Outcome and pre‐treatment measures
The outcome measure for this research was medication persistence, defined as the number of days from the index date to the earliest of the three following dates: the ending date of the last prescription, the date of the first gap of more than 15 days between prescriptions, or the end of the 12‐month study period (Cantrell et al., 2006; Cramer et al., 2008). Recent work has shown poor medication persistence is associated with increased health care resource utilization for patients with major depression (Cui et al., 2012). Pre‐treatment variables included as potential variables in the clustering and classification tree analyses later were demographic characteristics (age, gender, geographic region of residence), health plan type, comorbidities (chronic pain conditions [headache, rheumatoid arthritis, osteoarthritis, lower back pain, fibromyalgia, neuropathic pain], sleep disorders, psychiatric disorders [dysthymia, anxiety, alcohol or drug dependence, schizophrenia, bipolar, organic psychosis], diabetes, hypertensive disease, and the charlson comorbidity index), medication use categories (antidepressants, sedatives, psychotropics, mood stabilizers, psychostimulants, opioids, other pain medications), health care resource utilization (number of hospitalizations, office visits, ER visits, psychiatric services, medication costs, medical services costs, and total costs). Comorbidities were based on the one year period prior to initiation with DLX or VLX. Prior use (one year period) of medications included specified therapeutic classes as well as selected individual drugs known to be used in treating depression, psychosis, bipolar disorders, anxiety, sleep disorders, or chronic pain or known to be associated with initiation of DLX (Kroenke et al., 2009; Liu et al., 2011; Stafford et al., 2001; Ye et al. 2011).
Statistical methods
Patient demographics and baseline patient characteristics for the DLX and VLX cohorts were summarized and between cohort comparisons were made using t and chi‐square tests. Local control methodology was used to assess patient heterogeneity in regards to treatment differences in medication persistence (Obenchain, 2010, 2011). Unsupervised clustering on all pre‐treatment X‐variables was utilized to assign each of the 13,673 patients to one of 1500 clusters, so the average cluster size was to be approximately 10. Ward's minimum variance method, which at each step minimizes the within‐cluster sum of squares overall all partitions that can be constructed by merging any two clusters, was used to create the clusters via SAS (PROC CLUSTER). “Informative” clusters are defined as clusters containing at least one DLX‐treated patient and at least one VLX treated patient. Local treatment differences (LTDs) were computed as the difference (DLX minus VLX) in therapy duration mean values within each informative cluster. Patients in non‐informative clusters, defined as clusters containing patients from only one treatment group, were discarded from the analysis, analogous to patients for whom no match could be found in a propensity score matching analysis. The observed LTD within each cluster was then used as the counterfactual treatment difference estimate for every patient within that cluster.

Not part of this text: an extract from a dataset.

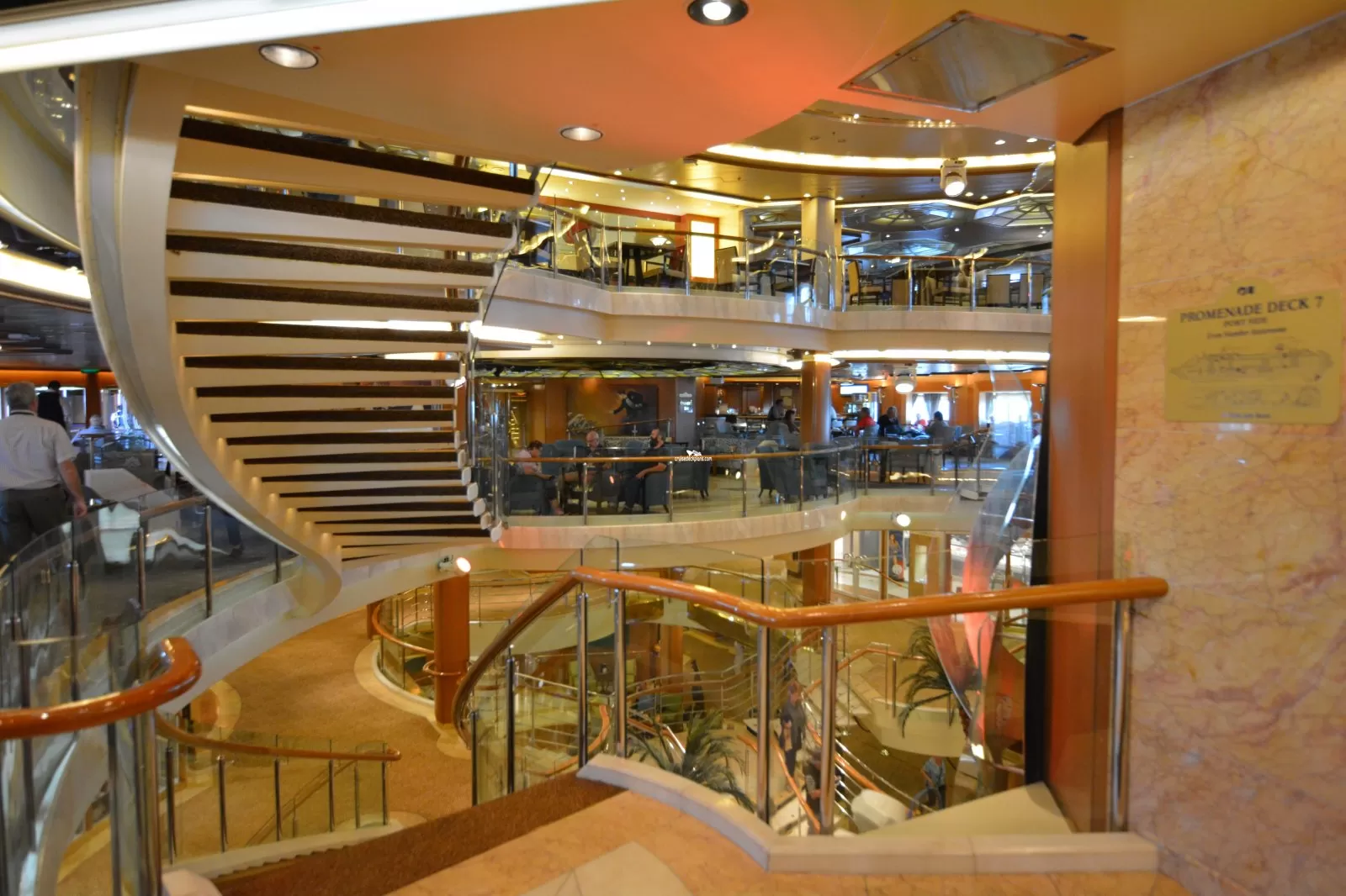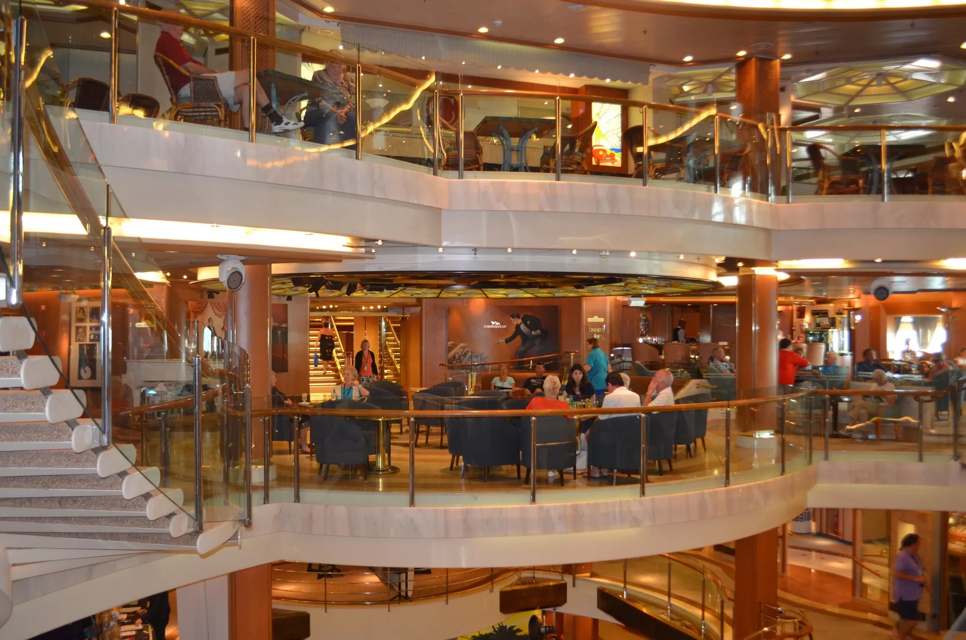 A 4 deck high open floor atrium with live piano music and entertainment.Explorers Bar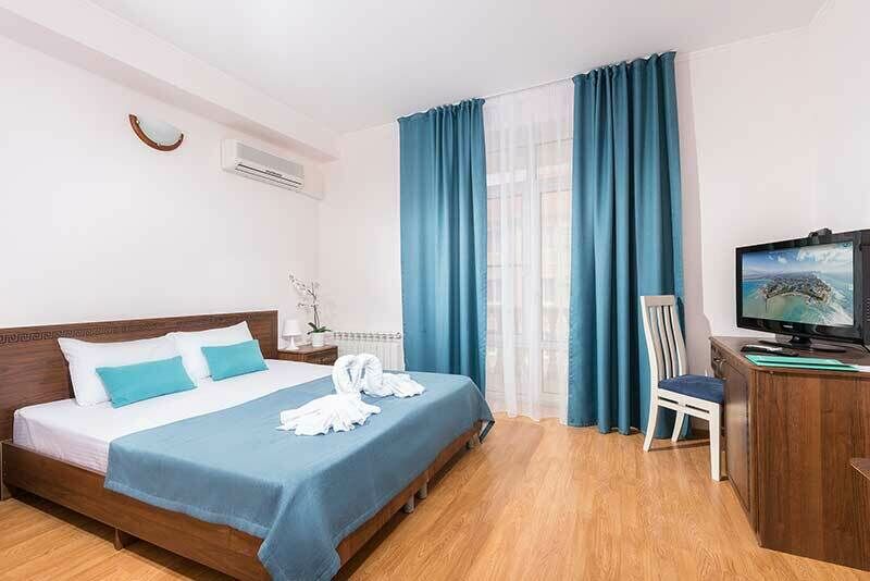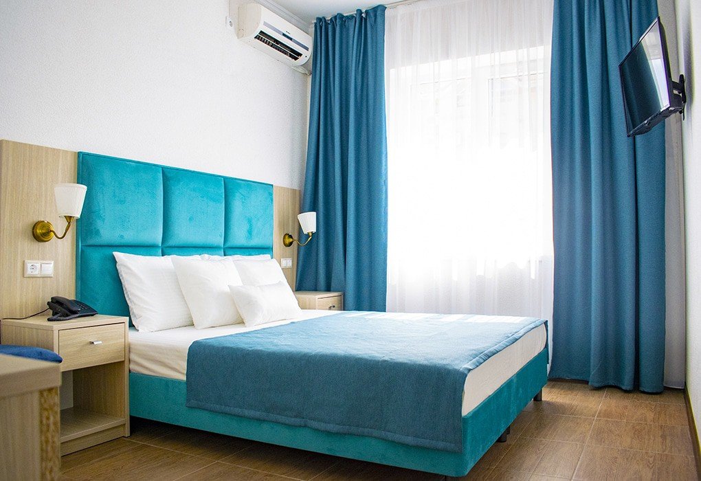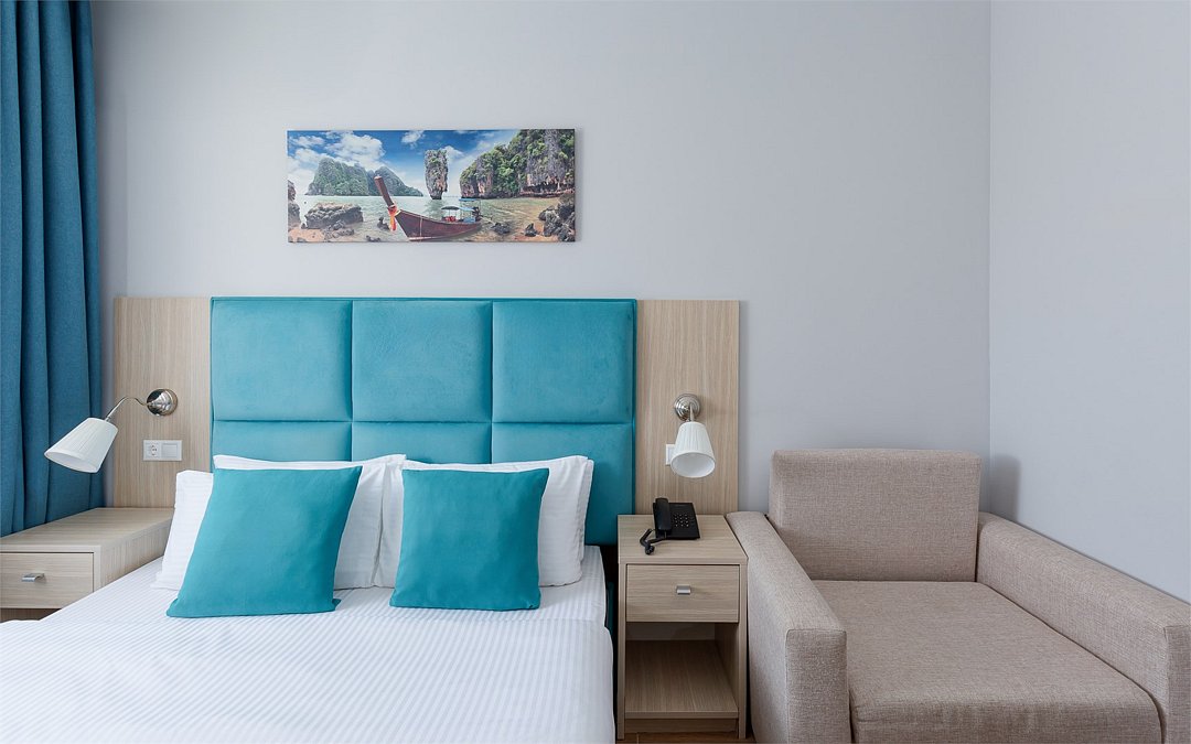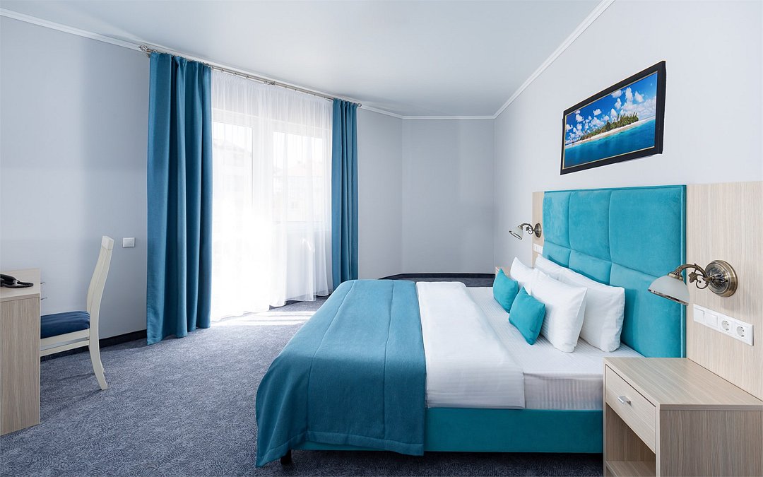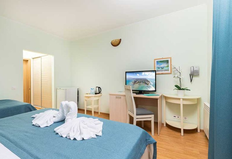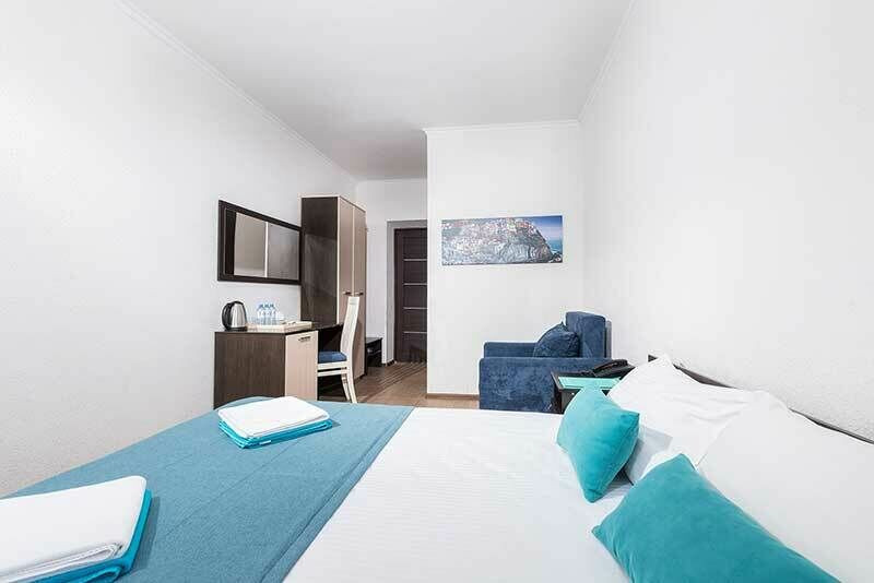 Стандарт двухместный с балконом — ваш уютный уголок для романтического отдыха! Номер с удобной двуспальной кроватью и собственным балконом станет идеальным выбором для пар. Здесь есть всё для комфортного проживания: стильная ванная комната с феном и косметическими наборами, эргономичная мебель и продуманная система хранения багажа. Преимущества номера: • Собственный балкон для утреннего кофе на свежем воздухе • Всё необходимое для беззаботного отдыха • Удобная планировка Начните день с чашечки кофе на собственном балконе и наслаждайтесь каждым моментом вашего отпуска!Услуги и удобства

CART methodology was used to construct a regression tree for predicting the patient‐level counterfactual treatment difference estimates using all pretreatment X‐variables as potential splitting variables using PROC Arbor within SAS Enterprise Miner. A minimum subgroup size of 5% of the overall sample was utilized to produce more meaningful subgroups, guard against overfitting, and reduce the need for pruning. The tree selection process was iterative and focused on selecting a tree that was interpretable from a subject matter point of view. Specifically, while multiple nodes may produce greater differential between cohorts, interpretation of nodes nested within multiple higher level nodes can become complex and the tree was pruned to a maximum of two splits. The relative importance statistic (Breiman et al., 1984) was used to confirm the value of the variables in the final tree and identify important variables that may be masked by another correlated variable and can fail to appear in a final pruned tree. The variable importance statistics for variable X is computed in PROC ARBOR following the original L. Breiman's method (Breiman et al., 1984) by adding up reductions in impurity across all internal nodes of the tree, weighted by a degree of participation of X in a given split. Note that the reduction in impurity is based on the reduction in the error sum of squares when splitting a node into two child nodes. The weight is set to one if X is the primary splitter in that node, it is equal to the agreement r (0 ≤ r ≤ 1) between the split by the primary splitter and split by X that mimics the primary split if X is one of the surrogate splitters, and weight equals zero otherwise.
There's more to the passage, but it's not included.